Induction of the cytokine TWEAK and its receptor Fn14 in ischemic stroke
Introduction
Despite the advances that have been made in recanalization therapy, ischemic stroke is still difficult to treat in the majority of patients because thrombolysis is only possible for a few hours after onset of symptoms. Delayed mechanisms of ischemic brain injury, such as neuronal apoptosis in the penumbra or brain edema, hold promise of falling into a wider time window amenable to therapy. Recent evidence suggests that the cytokine tumor necrosis factor (TNF)-like weak inducer of apoptosis (TWEAK) is involved in the delayed phase of ischemic brain injury.
TWEAK belongs to the TNF family [1]. It binds to the membrane receptor Fn14, a member of the TNF receptor superfamily. TWEAK was first identified as a proapototic cytokine in tumor cells but it also promotes inflammation and angiogenesis [1]. In a mouse model of stroke, TWEAK expression was enhanced two-fold in the ischemic brain [2]. Furthermore, the TWEAK receptor Fn14 was upregulated 22-fold.
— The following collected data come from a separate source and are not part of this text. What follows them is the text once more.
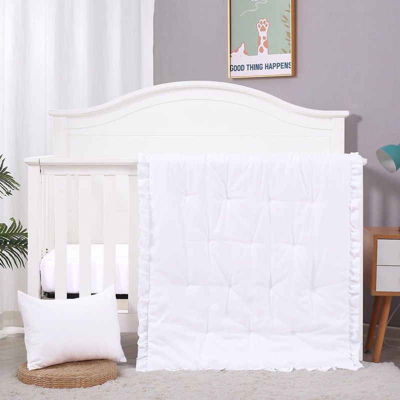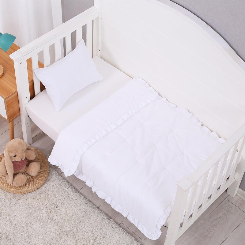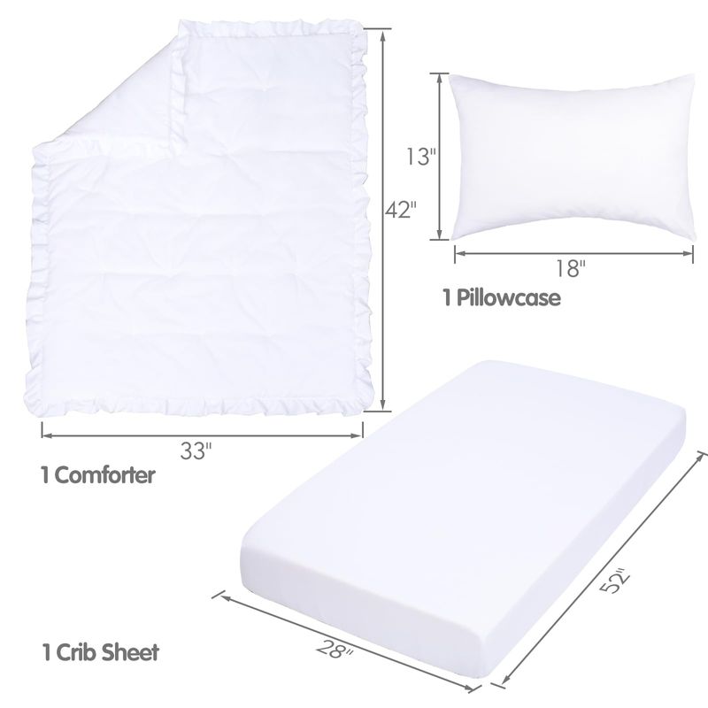 Juego de cama de cuna de 3 piezas: el juego de cama para cuna incluye un edredón 33 x 42 pulgadas con volantes de 2 pulgadas, una sábana bajera ajustable 52 x 28 pulgadas, una funda de almohada para niños pequeños 13 x 18 pulgadas, viene con una bolsa de embalaje reutilizable para almacenar cuando no se utilice. El juego de cuna se adapta perfectamente a cunas de tamaño estándar, un imprescindible para cada nuevo padre.
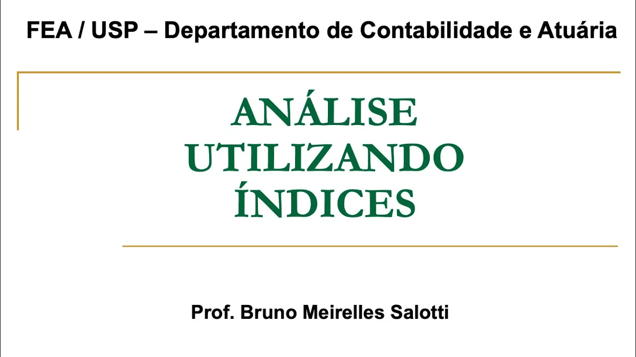 Olá bem-vindos nesta vídeo-aula vamos tratar do tema análise utilizando índices é salva tem como referências o livro de análise tática das demonstrações contábeis e como referências complementares o livro do professor Assaf e também do Matarazzo a ideia dessa discussão Inicial é explicar a ideia de se fazer análise de índices os índices que nós vamos utilizar são relações calculados a partir dos números obtidos com as demonstrações contábeis então por exemplo se a gente compara um saldo de um passivo total da empresa curto e de longo prazo com o total do ativo a gente obtém uma relação
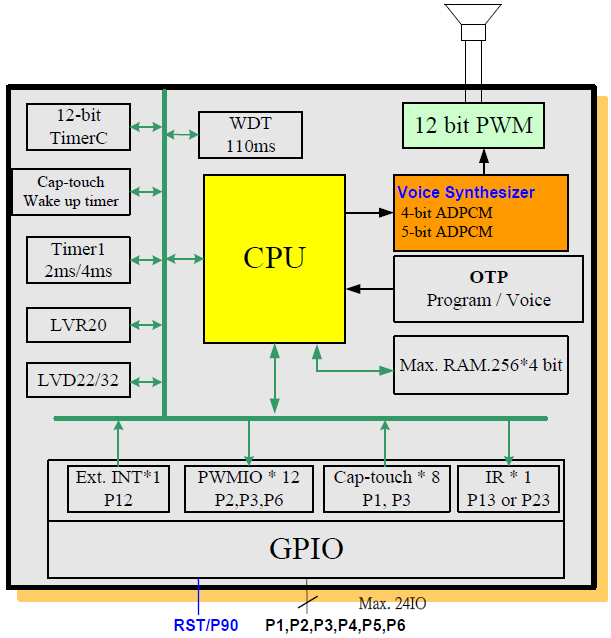 It built in a 4-bit tiny controller with one input port and 24 I/O ports. By programming
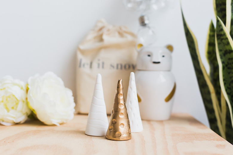 Welcome to your answer to easy holiday DIY decor: mini handmade clay Christmas trees. For this tutorial, we've gone for a gold and white theme (a festive classic), but there's nothing stopping you from having a little fun with pops of color. You can customize them to go perfectly with your holiday decorations. Don't you think this would be a fun weekend project to do with your family and friends?
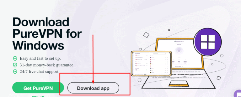 - 下载并安装 PureVPN 应用程序在您的设备上。我使用 Windows PC 作为示例。
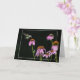 A sweet little hummingbird joins a bee at some purple coneflower blossoms. The shady background makes the image pop.
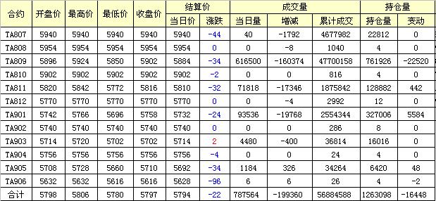 主力TA809合約當(dāng)日交易走勢(shì)
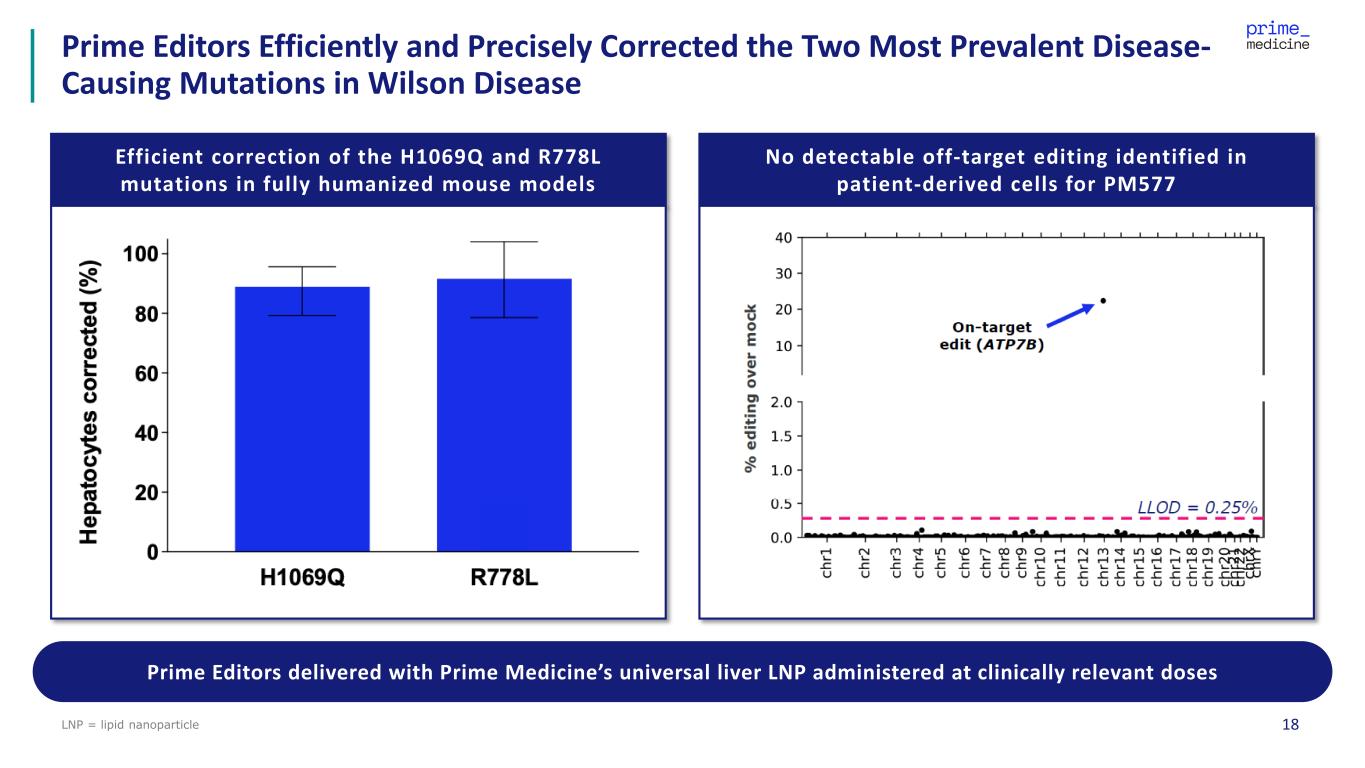 17 Prime Medicine’s Wilson Disease Programs Have Potential to Address Multi- Billion Dollar Market H1069Q R778L Other Common Mutations All Other Mutations Prime Addressable Patients Up to 7k Six most common mutations account for up to 26,000 patients in addressable markets (US, Europe, Japan) with unique geographic mutational distribution; incidence rate of approximately 300 new patients per year Consistency in disease presentation and management across mutations and key markets enables Prime Medicine to establish an anchor with PM577 (H1069Q) to provide leverage and read-through to other mutations Prime Addressable Patients Up to 9k Prime Addressable Patients Up to 10k

Interestingly, TWEAK contributes to ischemic brain damage because a neutralizing anti-TWEAK antibody reduces the infarct size. Subsequently, other means of interfering with TWEAK–Fn14 signaling were also shown to be protective. In a similar mouse model of stroke, a soluble Fn14-Fc decoy receptor and genetic deficiency of Fn14 reduced the infarct size [3], [4], confirming the important role of TWEAK and Fn14 in cerebral ischemia. TWEAK–Fn14 seems to promote ischemic brain damage through two mechanisms. First, recombinant TWEAK has been shown to trigger apoptosis in neurons in vitro by activating the transcription factor NF-κB [2]. TWEAK stimulates NF-κB activity in the ischemic brain [4] and NF-κB signaling contributes to ischemia-induced neuronal cell death in vivo as well [5]. NF-κB may also be involved in the second mechanism of TWEAK-induced brain damage: TWEAK increases the permeability of the blood-brain barrier and thereby enhances brain edema in stroke [4]. Thus, a TWEAK antagonist may be neuroprotective and limit brain edema. The case of TNF illustrates that drugs can be successfully developed to target cytokines of this family. However, the role of TWEAK in stroke patients has been unclear. Therefore, we investigated TWEAK plasma levels in stroke patients and TWEAK and Fn14 expression in the brain tissue of human stroke patients.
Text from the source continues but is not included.